ECMT6002: Econometric Applications
School of Economics, University of Sydney
Semester 1, 2021
– Submit your typed answers to this assignment question on Canvas in a single
PDF file, by the beginning of class (6pm - Sydney time) on Monday, 10 May.
Attach a copy of your computer output (e.g. your STATA log) at the end of your
answers (as an appendix, not in a separate file).
– Please set the PDF file name as ECMT6002A2-SID, or ECMT6702A2-SID (for
students who take ECMT6702).
– Answer the question by yourself.

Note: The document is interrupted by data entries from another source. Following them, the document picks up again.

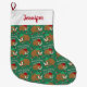 Müde von traditionellen Weihnachtsmotiven? Gewürztes mit einem lustigen und lustigen Wollhaarmammut Weihnachtsweih-Strumpf. In diesem Strumpf finden Sie Cartoon-Illustrationen von Wollmammut in festlichem Set in Rot und Grün vor einem grünen Hintergrund mit der Meldung "Have a Wooly Cool Weihnachten". Es ist bereit, mit Ihrem Namen an der Spitze in roten Schriftzeichen personalisiert zu sein.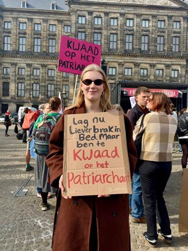 Een aantal weken terug is Noa, op nationale vrouwendag, naar de vrouwenmars in Amsterdam geweest. ‘’Het is een soort opluchting dat meer mensen denken zoals ik. Ik weet dat ik in mijn eentje niet de wereld kan redden, maar het voelt heel goed om een steentje bij te dragen. Ik denk dat dat de boosheid en frustratie draagbaar maakt. Sinds ik Dolle Mina ben, heb ik veel geleerd. Ik was daarvoor nog nooit naar een protest geweest en dacht dat je het overal mee eens moest zijn. Dat hoeft niet: het gaat om het signaal dat je afgeeft.’’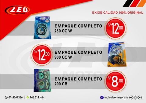 EXIGE CALIDAD 100% ORIGINAL EMPAQUE COMPLETO S/ 12 .00 250 CC W 12 300 CC W S/ EMPAQUE COMPLETO .00 EMPAQUE COMPLETO S/ 8 .00 200 CB 01-5369336 | 966 311 464 motosleomayorista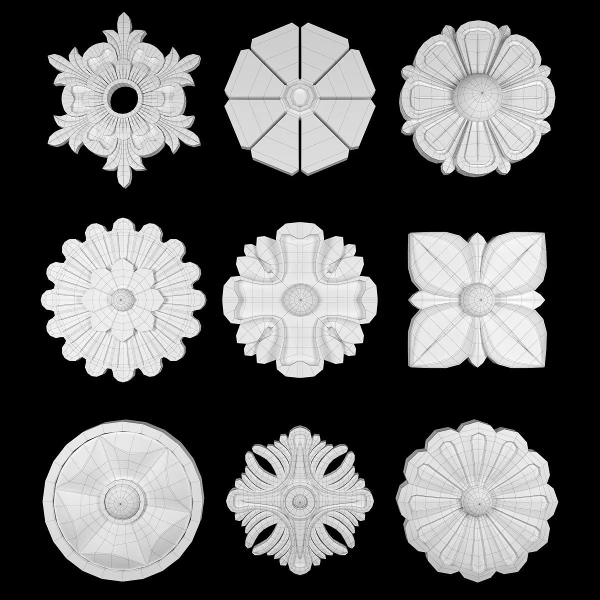 - *Ornament modeling is done with 3D Max software- -Material processing is done with two rendering engines : Corona and vray- *Is the 2016 project file version- *Files in the project: 3dsmax + Corona-3dsmax + Vray +Obj + Mtl- Name: Ornament Element Pack 09- Version: 2016- Units: Centimeters- Dimension:20*20*2CM- Reset XForm: Yes- Formats: 3Ds Max 2016 - Vray + Corona- Poly: 160/960- Vertex: 166/332- - 3 Mtl : Gold + Gypsum + Blend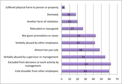 Research has shown that there are generally very negative consequences for those who report their companies' violations. The chart to the right shows some of the repercussions whistleblowers have experienced as a result of their actions. In addition, a 2009 study at the University of Richmond uncovered more details about the adverse affects of workplace whistleblowing. The study revealed that 78% percent of whistleblowers felt distrust towards coworkers, while 84% experienced anxiety or depression.[13] These impacts are difficult to quantify because they are not as concrete as others, such as demotions or firings. The study concludes that existing whistleblower laws allow for some protection, but they do not go far enough, "They [current laws] allow employers to use non-workplace-related retaliation to silence whistleblowers as most existing laws only cover workplace-related retaliation. Lawmakers need to fill this void so that legitimate whistleblowers will be encouraged to reveal dangerous behavior that harms the public".[13]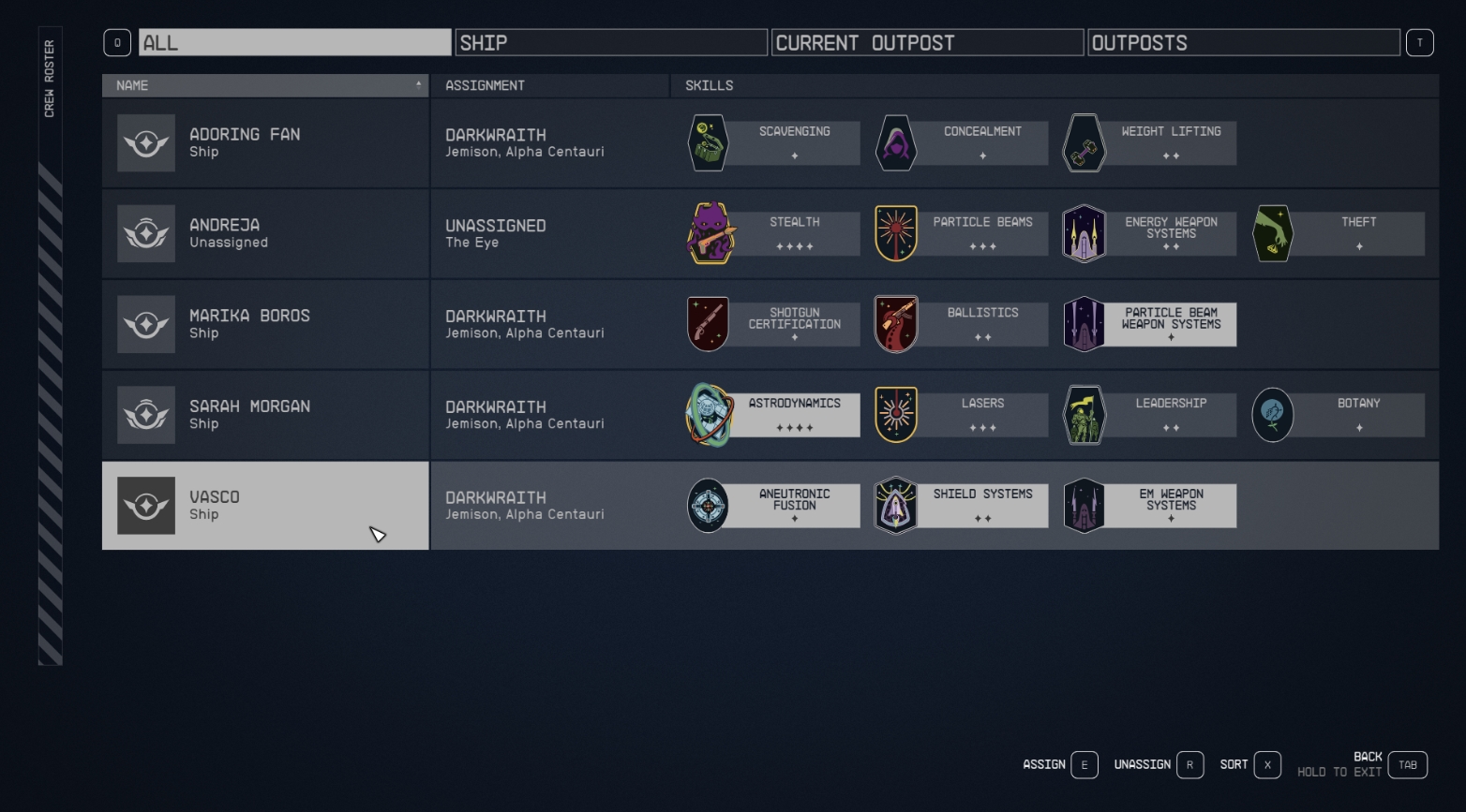 Также у спутников встречаются навыки, связанные с управлением или починкой корабля и форпостов. Нанимая члена команды, вы увидите его навыки в меню корабля (те, что соответствуют типу корабля, будут подсвечиваться). Хорошая команда улучшит ваш корабль до невиданных высот (усилит наносимый урон, укрепит щиты, увеличит объем грузового отсека и так далее). Внимательно читайте описание навыков и поручайте спутникам ту работу, к которой они приспособлены.

Make sure you read, understood and comply with
the University of Sydney Academic Honesty in Coursework Policy 2015 and the
Academic Honesty Procedures 2016.
– Note: for hypothesis testing, present the complete hypothesis test, including null
and alternative hypotheses, test statistics and its distribution under the null, deci-
sion rule and conclusion.
1. We want to study whether and how a stronger presence of students affects rental rates.
Use the data in RENTAL for this assignment, which includes rental prices and other
variables for 64 college towns in the US for the years 1980 and 1990. The panel data
model with unobserved effects is:
log(rentit) = β0 + δ0y90t + β1log(popit) + β2log(avgincit) + β3pctstuit + αi + eit (1)
where pop is city population, avginc is average income, and pctstu is student population
as a percentage of city population (during the school semesters). (αi + eit) is the error
term, where αi is the unobserved heterogeneity, and eit represents idiosyncratic errors.
(a) Based on model (1), how do you interpret δ0, and why it should be included?
(b) Estimate model (1) by pooled OLS (POLS), and report the estimation results in
the usual format (that is, the estimated equation with standard errors in brackets
under the corresponding estimates). Are the standard errors valid? Explain briefly.
(c) Apply the first difference (FD) estimator to (1), and report the estimation results
in the usual format. Are the standard errors (without the robust option) valid?
(d) Now apply the fixed effect (FE) estimator to (1), and report the estimation results
in the usual format. How do the estimates and standard errors compare to those
(e) Apply the random effects (RE) estimator to (1), and report the estimation results
in the usual format.
(f) Put the results of all estimators above (POLS, FD, FE, and RE estimators) into
a table, one column for an estimator, with standard errors in brackets under the
corresponding estimates. If αi is a fixed effect, which estimators in the table are
consistent, and which are inconsistent? Explain briefly.
(g) Run the Wu-Hausman’s test to compare the FE to RE estimates. Remember to
state the null hypothesis and the alternative, the test statistics and its distribution
under the null, decision rule and conclusion. What can we learn from the test?
(h) Given the results by the POLS, FD, FE, RE estimators, and the test result in (g),
which estimator will you prefer? Provide brief arguments for your choice.
(i) Given the estimator you prefer in (h), how does the relative size of the student
population affect rental prices?
(j) We are concerned that the variable, avginc, could be endogenous (as the rental
revenue from students would boost the local average income). If we use the variable
enroll as the instrumental variable (IV) for avginc, what conditions must enroll
satisfy in order to be a valid IV? If a condition can be tested with the data, perform
the test (just run and report the test result).
Note: 10 points for each part, 100 in total.